Tempowertung is ganz interessant....


.....wie sieht das denn mit der Zaubertempowertung aus?


Kann mir da jemand mal n Tipp geben wie das funktioniert?


Mich wundert, dass man den Global Cooldwon angeblich unter 1 Sekunde drücken kann. Aber das geht logischerweise nicht, weil du sonst (z.b. mage) feuerschlag permanent instant casten kannst, wenn du genug Tempowertung hast.


----------



## Seryma (13. April 2008)

Der Paladin meines Bruders hat ein Schwert (einhand) mit 1,25 geschwindigkeit... mit siegel des kreuzfahrers schafft ers auf 0.85 Tempo.... also unter 1 gehts schon...


----------



## Die Kuh (13. April 2008)

Der Globalcooldown beträgt normalerweise 1,5 Sekunden. Seit 2.4 kann er nun aber mit Zaubertempowertung auf bis 1 Sekunde gedrückt werden.


----------



## Dps-we deliver (13. April 2008)

In Bezug auf den Endgame-Content  gilt ganz einfach...(Hit-cap>)Haste>dmg.>crit.
Hitcap ist durch 4/8 t6 etc. gegeben somit wird Hasterating (zaubertempowertung) zum stärksten stat. .
Nur zu bedenken is eben immer das zaubertempo zwar die DPS erhöht ABER den gesamt Schaden auch nur dann wenn genug Mana zur verfügung steht.



Edit:
Für Heiler müsste in etwa das selbe auf Heal bezogen zutreffen, ebenfalls sollte der Faktor ´´Mana´´ bedacht werden , aber seit 2,4 schwimme die heiloor ja sowieso drin 


			Dieser Inhalt steht nur eingeloggten Mitgliedern zur Verfügung.


----------



## noxzul (14. April 2008)

um mal was zu dem screenshot zu sagen:

Die drei buffs, die dem schamenkampfrausch bzw heldentum? ähnlich sehen, nennen sich, wenn ich mich recht erinnere, frenzy. Das ist ein buff, den mal seinen mitspielern geben kann, wenn man als priester einen dieser necrolyten aus mh übernimmt.

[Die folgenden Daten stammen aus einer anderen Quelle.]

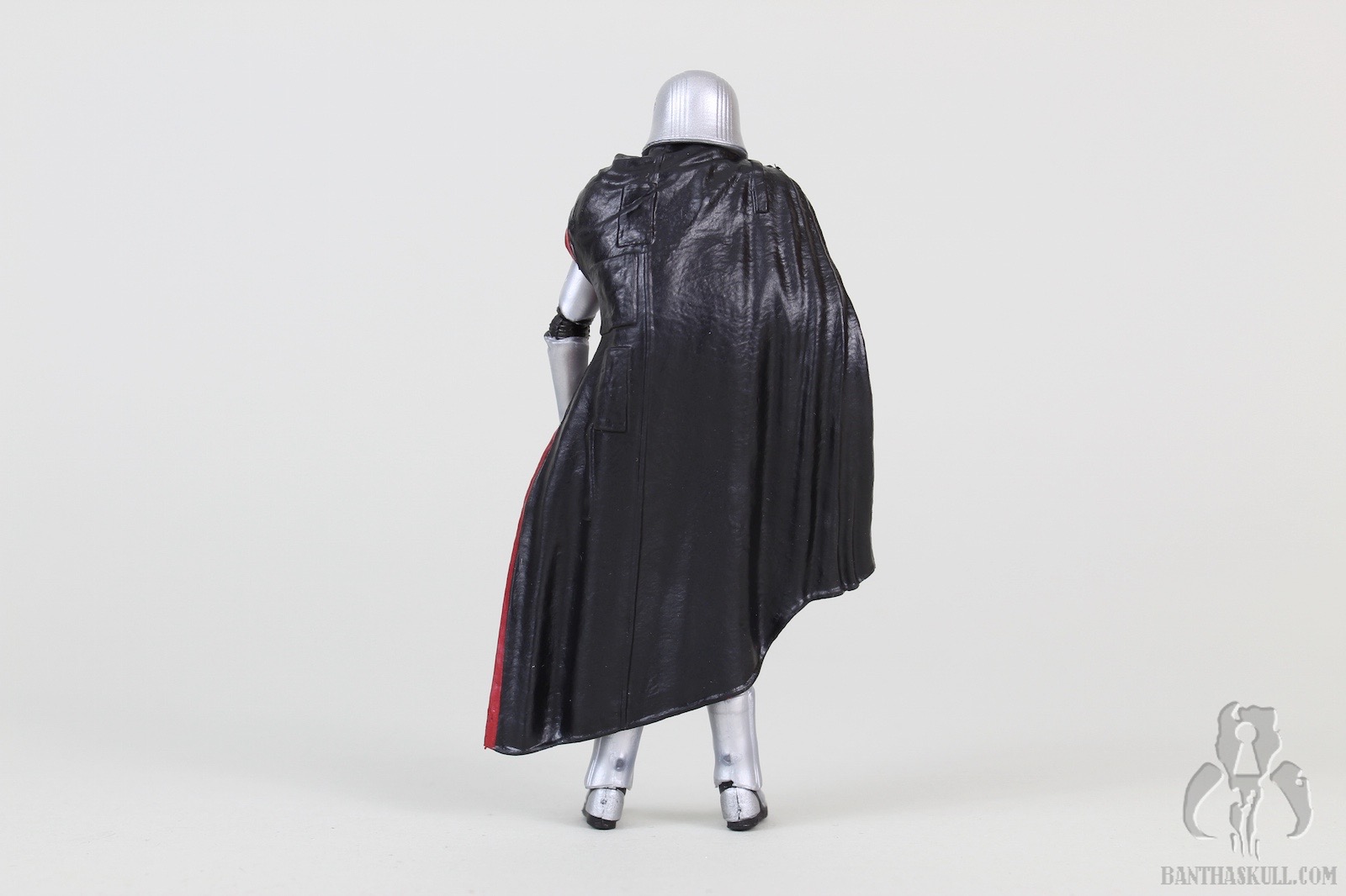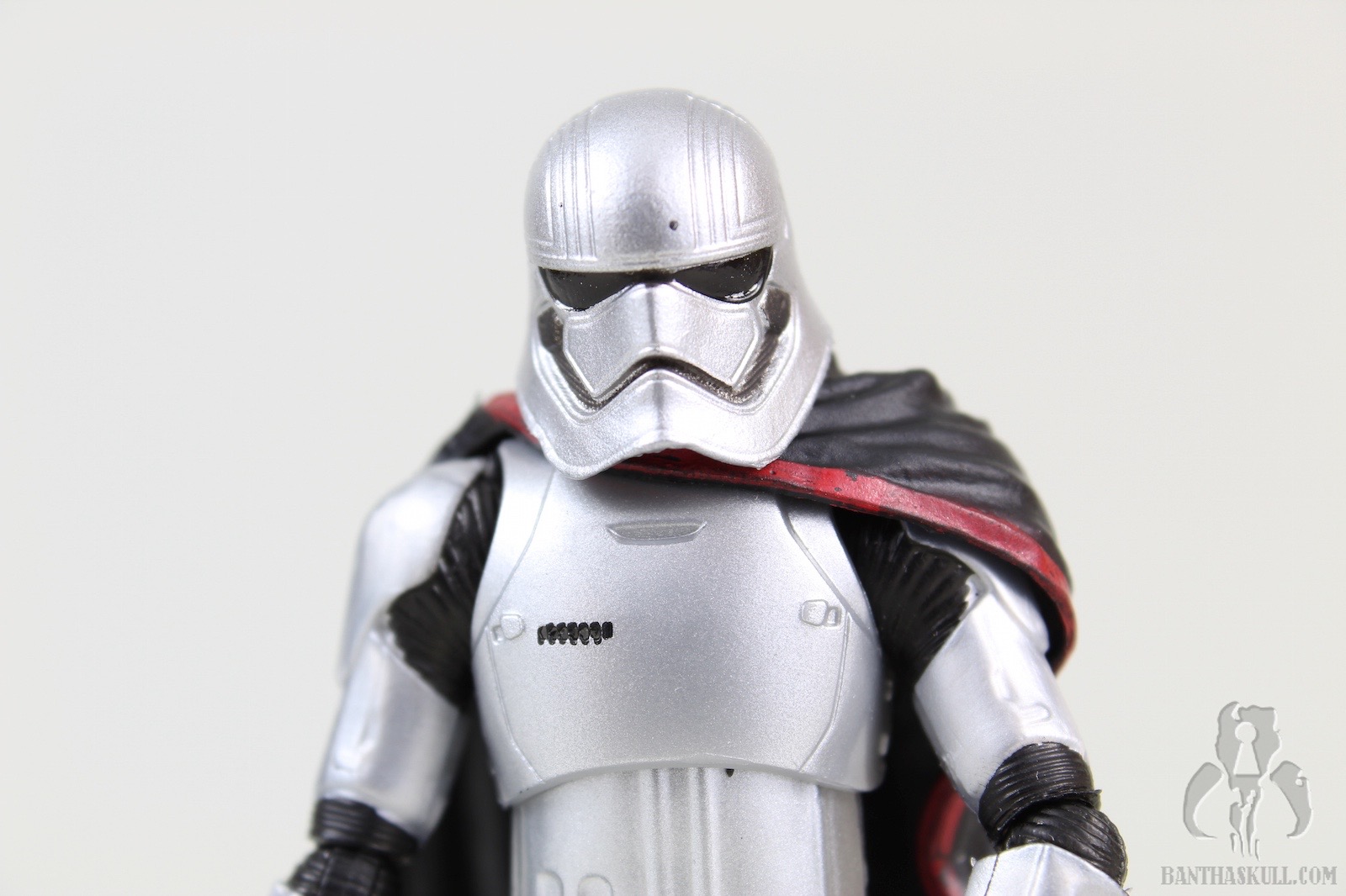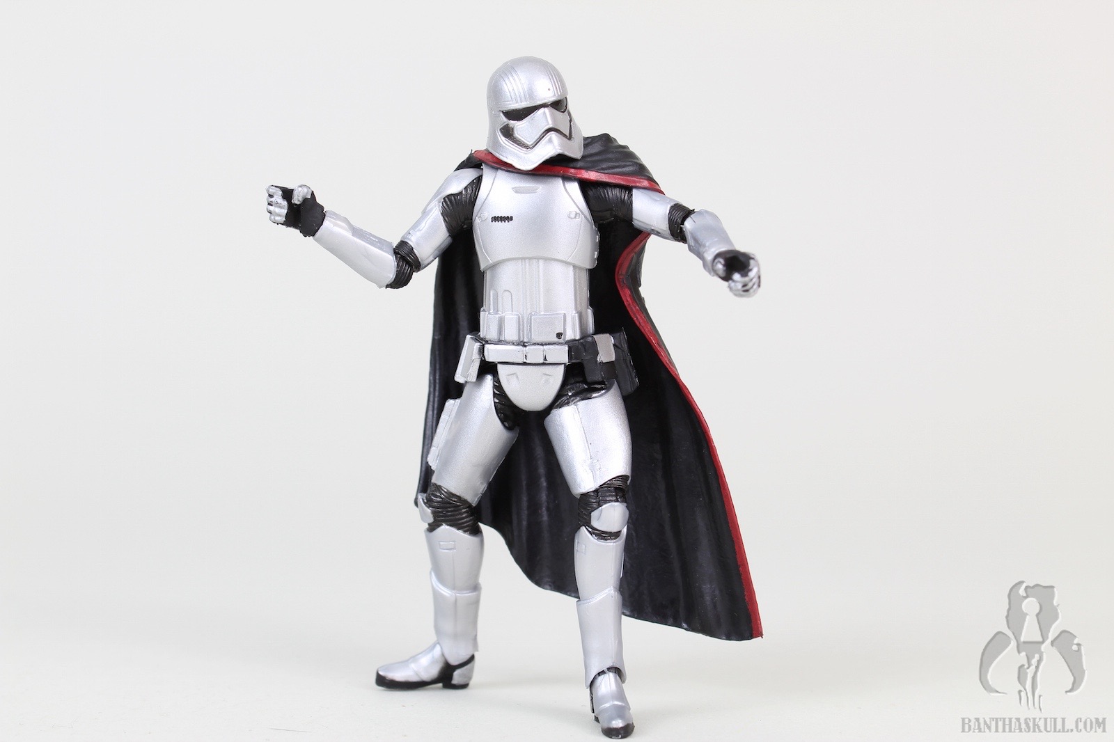 The cape is soft plastic. The good thing is that it doesn’t really hamper the articulation much, so this is a success. But I would have preferred soft goods, and left the hard plastic to the 5POA budget figure. The one area where the cape is a bit of a problem is at the neck. Phasma’s head is slightly limited in movement options with the cape on, but when the cape is removed, the head has a full range of motion. The figure holds the included blaster well - and of course can achieve the vaunted THWG*. The weapon can be stowed in the notch located in the armor of the right hip.

Dieser erhört die angriffsgeschindigkeit um 30% fügt aber dem ziel gleichzeit naturschaden über die zeit zu.
Das sind die gelben zahlen, die in der mitte des bildschirms zu sehen sind. Das ist NICHT der schaden den der schurke macht. Die schadensanzeige geht in den schriftzügen der Extra Attacks unter. Sollet ihr euch für den schaden interessieren könnt ihr den unten rechts im combatlog nach lesen.

ich hoffe ich konnte ein bissl weiterhelfen.

hier nochmal der link, wenn man net zurückscrollen will.
http://i120.photobucket.com/albums/o173/kbc8090/hastelol.jpg


----------



## Pandur87 (14. April 2008)

man beachte, dass alles was im combatlog steht in der gleichen sekunde stattgefunden hat, ich chat schreibt er, dass er 4367dps hat... einfach nur krank


----------



## Blibb (14. April 2008)

Shamozz schrieb:


> Tempowertung is ganz interessant....
> .....wie sieht das denn mit der Zaubertempowertung aus?
> Kann mir da jemand mal n Tipp geben wie das funktioniert?
> Mich wundert, dass man den Global Cooldwon angeblich unter 1 Sekunde drücken kann. Aber das geht logischerweise nicht, weil du sonst (z.b. mage) feuerschlag permanent instant casten kannst, wenn du genug Tempowertung hast.


Nicht ganz weil der Feuerschlag nen eigenen Cooldown hat der sich net runterdrücken lässt. Beim Zaubertempowertung gilt das gleiche: Unter einer Sekunde geht nicht. Alos ich stell mir das als Heilpala oder Priester lustig vor die nicht mehr durch den Glabalen cd gebremst werden wenn sie Lichtblitze oder Blitzheilung casten.


----------



## Annovella (14. April 2008)

"Soweit ich weiß, kann man das Tempo nicht unter 1 drücken."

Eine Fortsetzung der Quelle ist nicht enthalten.